Hey guys, I'm looking for a way to remove the clock from the status bar of my GNex. I've seen it done, I'm just not sure how to go about doing it. I'm certain I need a certain ROM to do so. Also, I'd like to change my soft keys and add a "Search" softkey. Any suggestions as to which one I should try out?


----------



## ro6666lt (Sep 2, 2011)

*To remove the clock from the status bar*

*MAKE A NANDROID BACKUP FIRST.*

You will need to de-compile your SystemUI.apk file to make the change. You can use APK Manager to do this.
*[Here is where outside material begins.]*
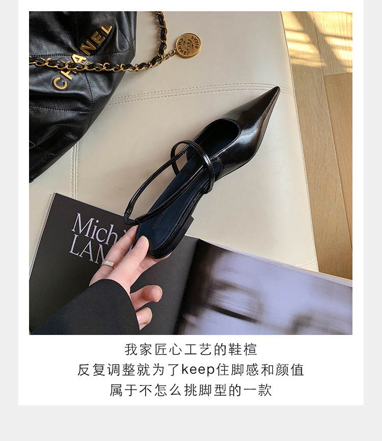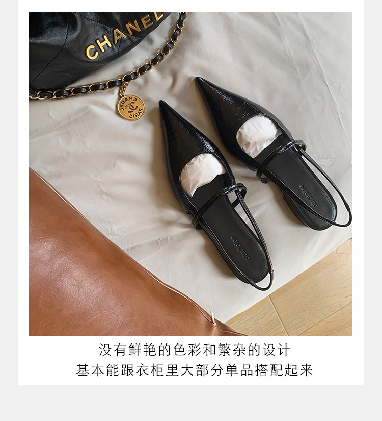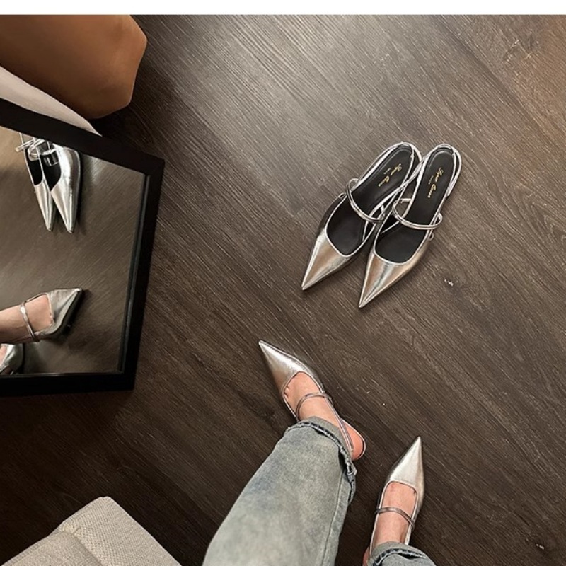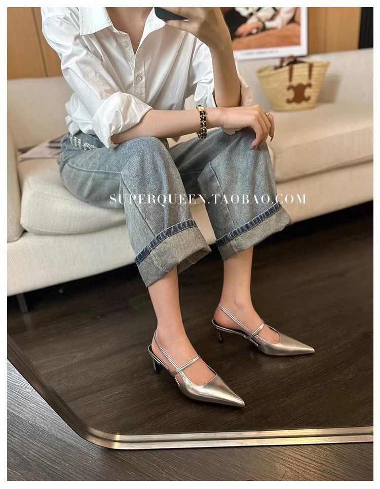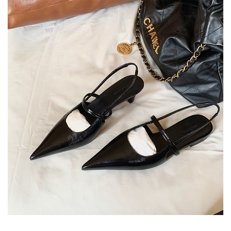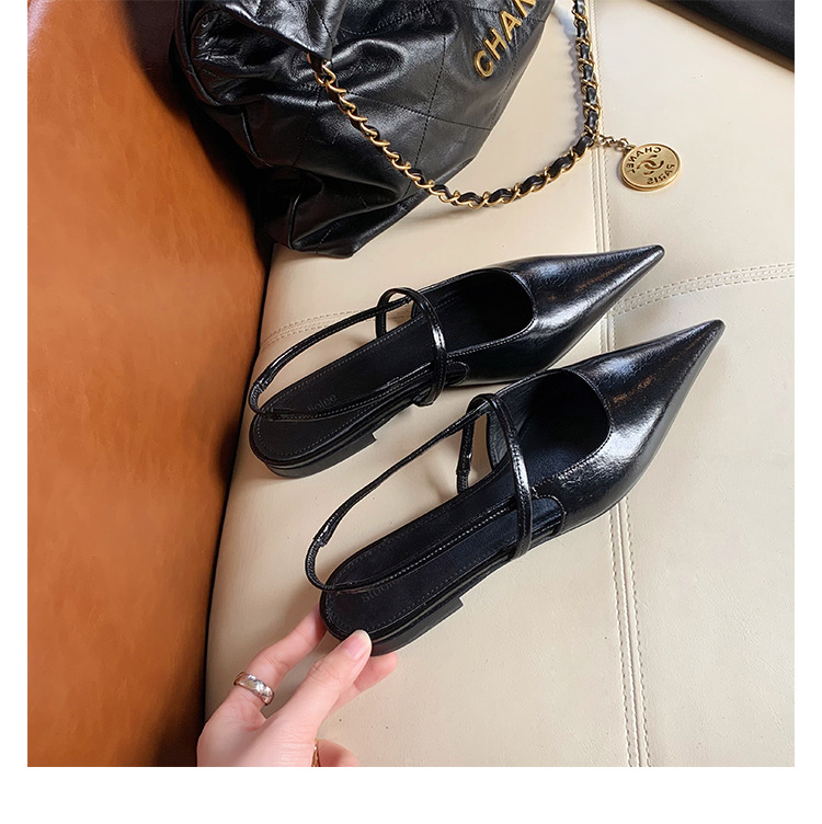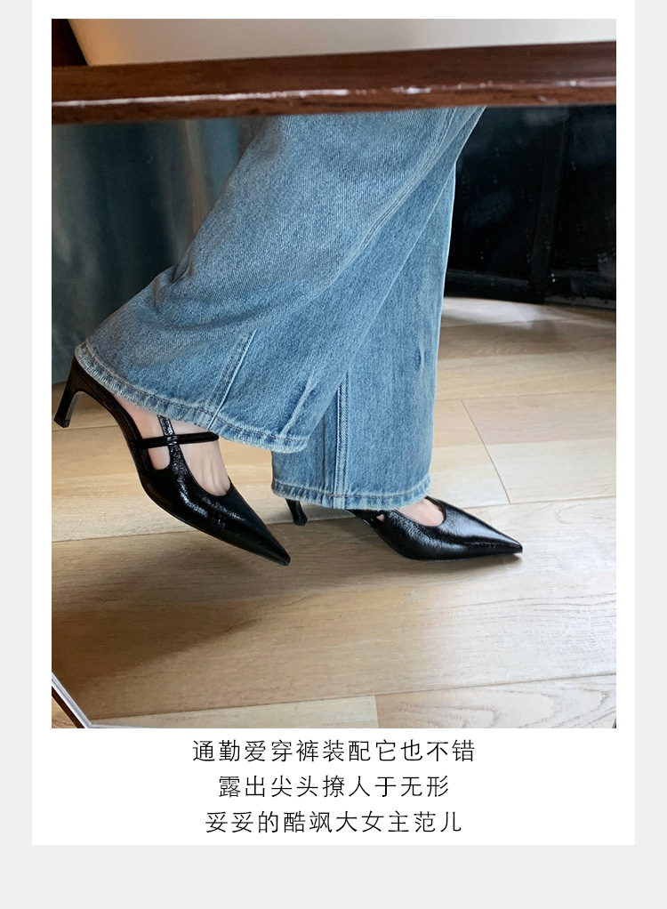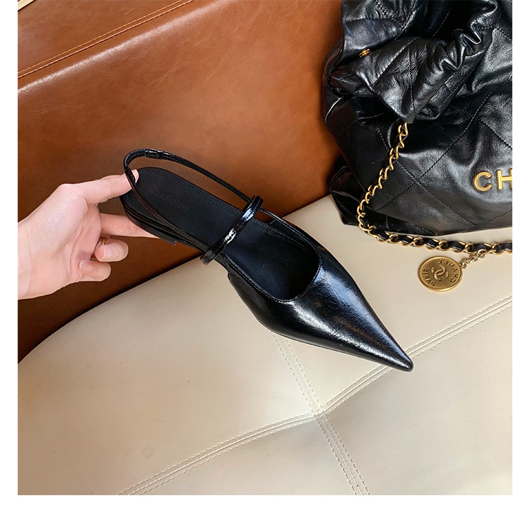포도마마 스튜디오리 여름 프렌치 스타일 뾰족코 오픈백 샌들 키튼힐 여성용 원뿔형 중간 굽 신발스토어 가기

1. In order to decompile the SystemUI.apk successfully, you will select option 22 (Set current project which should be SystemUI.apk)
2. Select option 22 Decompile apk (with dependencies)
3. When prompted, drag the twframework-res.apk into the APK Manager window.
4. Once the SystemUI.apk file is decompiled, navigate to APK Manager\projects\SystemUI.apk\smali\com\android\systemui\statusbar
5. Using notepad, open Clock.smali
6. Search for "invoke-virtual {p0}, Lcom/android/systemui/statusbar/Clock;->updateClock()V" without the quotes (should have .line 107 right before it)
7. Add the following BEFORE (above) this line:

const v1, 0x8

invoke-virtual {p0, v1}, Lcom/android/systemui/statusbar/Clock;->setVisibility(I)V

*you should then have the following:*

const v1, 0x8

invoke-virtual {p0, v1}, Lcom/android/systemui/statusbar/Clock;->setVisibility(I)V

.line 107
invoke-virtual {p0}, Lcom/android/systemui/statusbar/Clock;->updateClock()V

8. Save file, recompile SystemUI.apk (option 11 in Apk Manager)
9. Open original SystemUI.apk and the new SystemUI.apk using 7-zip.
10 Drag the classes.dex from the new SystemUI.apk to the original SystemUI.apk
11. Close 7-zip.
12. using adb, push the SystemUI.apk to /sdcard/ on your phone
13. copy the /sdcard/SystemUI.apk to /system/app/ and reboot your phone


----------



## SRedman27 (Dec 28, 2011)

Cool. Thanks man, I'll give it a whirl.


----------



## SRedman27 (Dec 28, 2011)

Ok, so i'm stuck on step 3. When I drag the framework-res.apk file into the window it says that this is not the dependee apk and that it's looking for a com.___.___.apk file. I am fairly new to this can you break it down a little more?


----------



## Spotmark (Jul 17, 2011)

Instead of removing it, I'd like to see it centered.


----------